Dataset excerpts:

· · · · · · ·

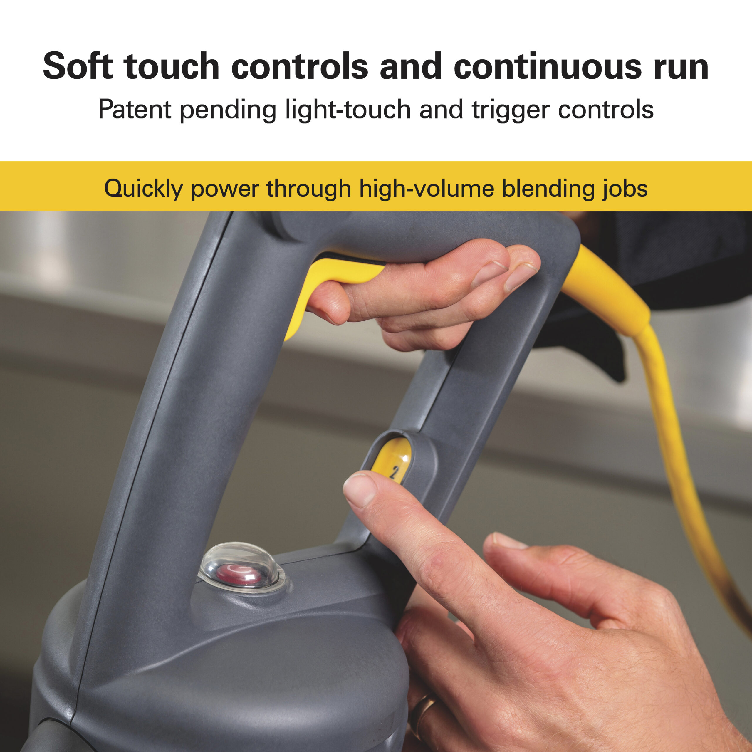 Patent pending light-touch and trigger controls with an option for continuous run operation allow operators to quickly power through high volume blending jobs.
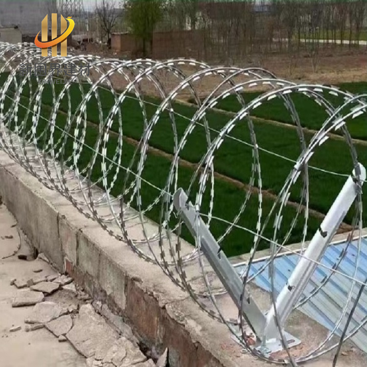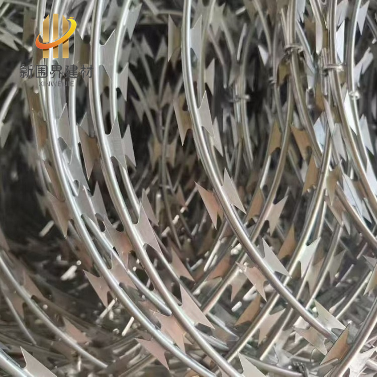 蛇腹形刀刺网采用蛇腹状拧编结构,通过双螺旋交叉布局形成密集刀刺阵列,具有物理隔离与心理震慑双重防护功能,具备防攀爬、抗剪切、抗腐蚀特性,广泛应用于监狱、军事管理区、机场等高安全场所,常与高压电网、监控系统组合构成多层次安防体系。
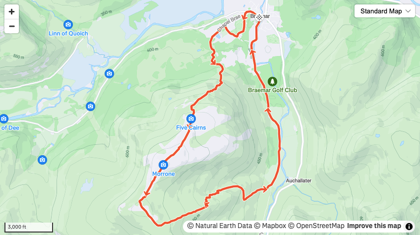Starting in the centre of Braemar, a beautiful village nestled in the heart of the cairngorm national park, head towards the Highland Games centre and have a look at the historic and world-famous location before you begin the hard work. From here there are several routes to the hill, I have mapped out following a track/road around the back of the Highland Games stadium past the duck pond and bearing left towards the main path you can see scarring the hillside.
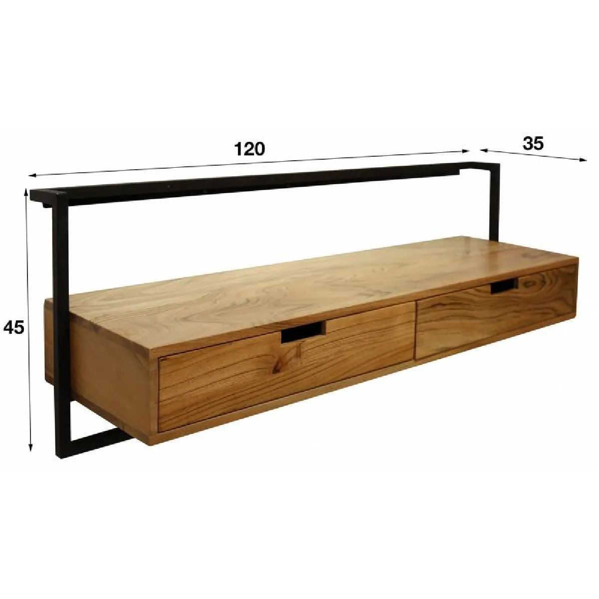Le gain de place est immédiat grâce à son installation entièrement murale, libérant le sol pour un espace visuel plus dégagé. Le caisson en acacia massif couleur naturelle associé à un cadre métallique noir apporte une esthétique sobre, adaptée aux intérieurs actuels. Avec une longueur de 120 cm et un format rectangulaire, il propose une surface suffisante pour accueillir l'écran et les équipements usuels. Deux tiroirs intégrés permettent de regrouper les petits accessoires de télévision pour un salon mieux organisé. L'ensemble adopte un style de meuble moderne facile à intégrer dans des ambiances épurées ou plus colorées.
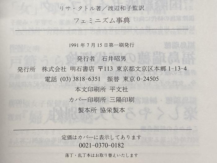 商品名:フェミニズム事典 明石書店 リサ タトル
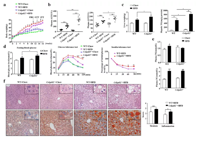 2、在HFD喂養(yǎng)的小鼠中發(fā)現(xiàn)Colgalt2敲除增加肝臟脂肪變性和胰島素抵抗
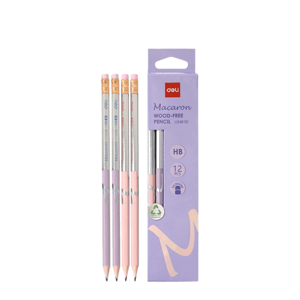 Τα μολύβια Macaron της Deli σου εξασφαλίζουν άνετη γραφή, χάρη στο εξάγωνο εργονομικό σχήμα τους. Με σκληρότητα HB σου επιτρέπουν να κάνεις καθαρές και έντονες γραμμές. Κατασκευασμένα από Wood-Free υλικό, ξύνονται εύκολα χωρίς να σπάνε. Η PVC-Free γόμα τους σβήνει τέλεια και δε φθείρει το χαρτί. Διατίθενται σε σετ 6 τεμαχίων. Με τη νέα Macaron Collection τα αντικείμενα του γραφείο σου γίνονται τόσο γλυκά σαν ζαχαρωτά!
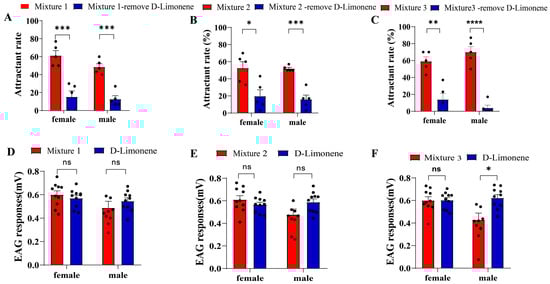 The behavioral and electrophysiological responses produced by the mixtures of chemicals with a high abundance. (A–C) The attractiveness of combinations with or without D-Limonene. (D–F) The electrophysiological response of B. dorsalis to the mixtures and to D-Limonene by itself (N = 5, ns: not significant, * p < 0.05, ** p < 0.01, *** p < 0.001, and **** p < 0.0001).
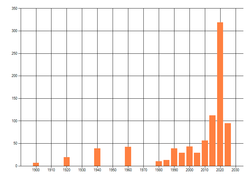 Het aantal atlasblokken (5x5 km) waarin de soort is gemeld binnen een periode van vijf jaar (vanaf 1980) of twintig jaar. Niet gecorrigeerd voor waarnemersinspanning en het aantal doorgegeven waarnemingen kan sterk variëren per periode, dus een trend in verspreiding kan hier niet direct uit worden afgelezen. Het opgegeven jaartal is het eerste jaar van de periode. Bron: gevalideerde waarnemingen uit de NDFF.
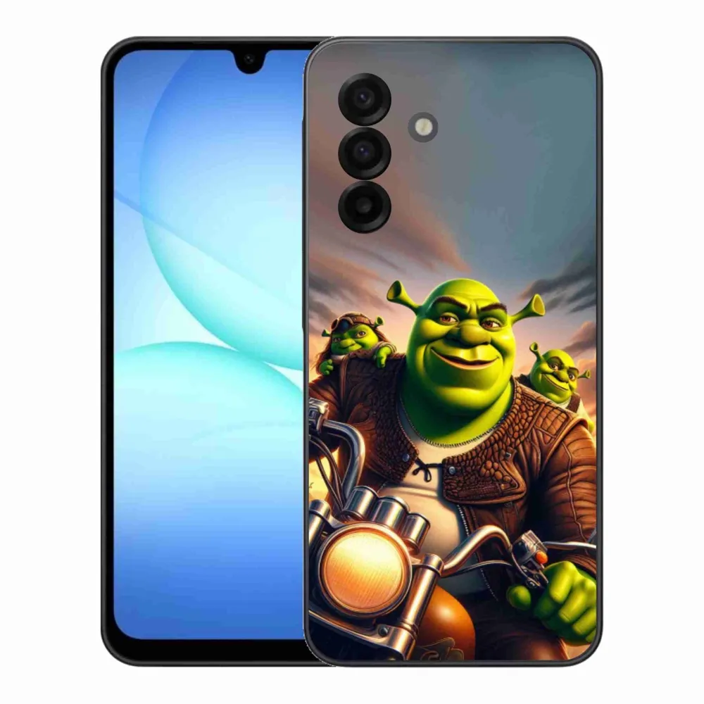 Rugalmas zselés tok mmCase a Samsung Galaxy A17 4G/5G képével - Shrek egy motorkerékpáron
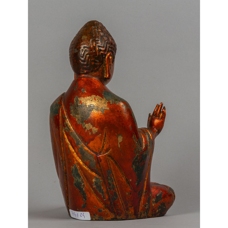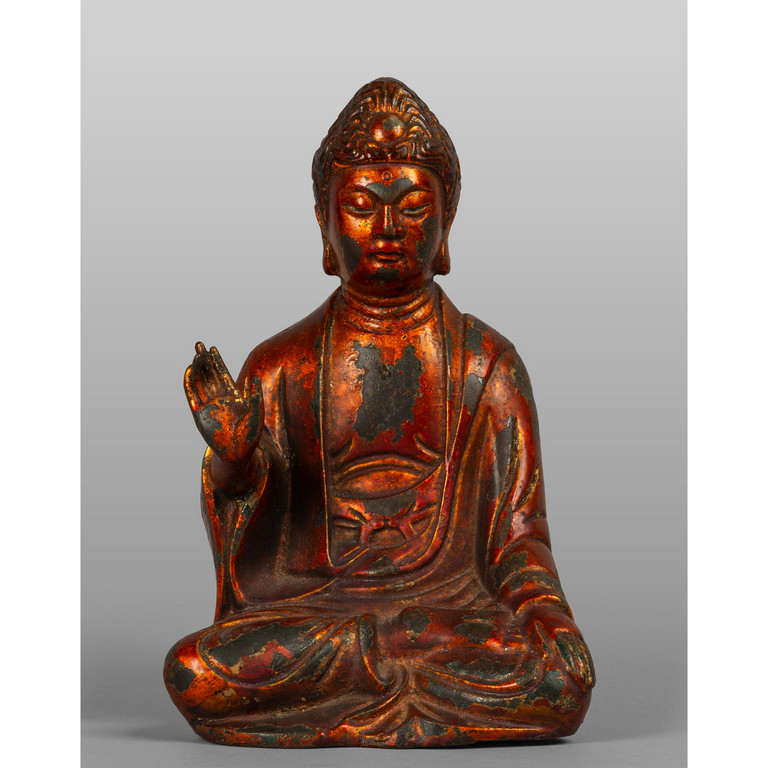 Budda scultura in bronzo con tracce di lacca rossa epoca Ming Cina sec.XVII
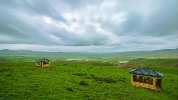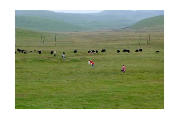 甘加草原周圍群山環(huán)繞,是一處典型的高原草地,理想的天然牧場。每到夏季,整個草原碧綠如茵,好似一塊天然的綠色大地毯,鮮花盛開,繁花似錦。藍天、白云、綠草渾然一體,央曲河和央拉河蜿轉流淌,猶如一條潔白的哈達飄落在草原上。
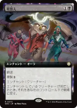 瞬速 複製{2}(あなたがこの呪文を唱えたとき、あなたが複製コストを支払った回数と同じ回数、これをコピーする。それらのコピーの新しい対象を選んでもよい。コピーはトークンになる。) エンチャント(クリーチャー) エンチャントしているクリーチャーが死亡したとき、それをあなたのコントロール下で戦場に戻す。 |

· · · · · · ·

INSTRUCTIONS FOR THE TASK: Every line in the records is to be retyped exactly as it stands; the pictures stay out.

WRITTEN SOLUTION:
 Patent pending light-touch and trigger controls with an option for continuous run operation allow operators to quickly power through high volume blending jobs.
 蛇腹形刀刺网采用蛇腹状拧编结构,通过双螺旋交叉布局形成密集刀刺阵列,具有物理隔离与心理震慑双重防护功能,具备防攀爬、抗剪切、抗腐蚀特性,广泛应用于监狱、军事管理区、机场等高安全场所,常与高压电网、监控系统组合构成多层次安防体系。
Starting in the centre of Braemar, a beautiful village nestled in the heart of the cairngorm national park, head towards the Highland Games centre and have a look at the historic and world-famous location before you begin the hard work. From here there are several routes to the hill, I have mapped out following a track/road around the back of the Highland Games stadium past the duck pond and bearing left towards the main path you can see scarring the hillside.
Le gain de place est immédiat grâce à son installation entièrement murale, libérant le sol pour un espace visuel plus dégagé. Le caisson en acacia massif couleur naturelle associé à un cadre métallique noir apporte une esthétique sobre, adaptée aux intérieurs actuels. Avec une longueur de 120 cm et un format rectangulaire, il propose une surface suffisante pour accueillir l'écran et les équipements usuels. Deux tiroirs intégrés permettent de regrouper les petits accessoires de télévision pour un salon mieux organisé. L'ensemble adopte un style de meuble moderne facile à intégrer dans des ambiances épurées ou plus colorées.
 商品名:フェミニズム事典 明石書店 リサ タトル
 2、在HFD喂養(yǎng)的小鼠中發(fā)現(xiàn)Colgalt2敲除增加肝臟脂肪變性和胰島素抵抗
 Τα μολύβια Macaron της Deli σου εξασφαλίζουν άνετη γραφή, χάρη στο εξάγωνο εργονομικό σχήμα τους. Με σκληρότητα HB σου επιτρέπουν να κάνεις καθαρές και έντονες γραμμές. Κατασκευασμένα από Wood-Free υλικό, ξύνονται εύκολα χωρίς να σπάνε. Η PVC-Free γόμα τους σβήνει τέλεια και δε φθείρει το χαρτί. Διατίθενται σε σετ 6 τεμαχίων. Με τη νέα Macaron Collection τα αντικείμενα του γραφείο σου γίνονται τόσο γλυκά σαν ζαχαρωτά!
 The behavioral and electrophysiological responses produced by the mixtures of chemicals with a high abundance. (A–C) The attractiveness of combinations with or without D-Limonene. (D–F) The electrophysiological response of B. dorsalis to the mixtures and to D-Limonene by itself (N = 5, ns: not significant, * p < 0.05, ** p < 0.01, *** p < 0.001, and **** p < 0.0001).
 Het aantal atlasblokken (5x5 km) waarin de soort is gemeld binnen een periode van vijf jaar (vanaf 1980) of twintig jaar. Niet gecorrigeerd voor waarnemersinspanning en het aantal doorgegeven waarnemingen kan sterk variëren per periode, dus een trend in verspreiding kan hier niet direct uit worden afgelezen. Het opgegeven jaartal is het eerste jaar van de periode. Bron: gevalideerde waarnemingen uit de NDFF.
 Rugalmas zselés tok mmCase a Samsung Galaxy A17 4G/5G képével - Shrek egy motorkerékpáron
 Budda scultura in bronzo con tracce di lacca rossa epoca Ming Cina sec.XVII
 甘加草原周圍群山環(huán)繞,是一處典型的高原草地,理想的天然牧場。每到夏季,整個草原碧綠如茵,好似一塊天然的綠色大地毯,鮮花盛開,繁花似錦。藍天、白云、綠草渾然一體,央曲河和央拉河蜿轉流淌,猶如一條潔白的哈達飄落在草原上。
 瞬速 複製{2}(あなたがこの呪文を唱えたとき、あなたが複製コストを支払った回数と同じ回数、これをコピーする。それらのコピーの新しい対象を選んでもよい。コピーはトークンになる。) エンチャント(クリーチャー) エンチャントしているクリーチャーが死亡したとき、それをあなたのコントロール下で戦場に戻す。 |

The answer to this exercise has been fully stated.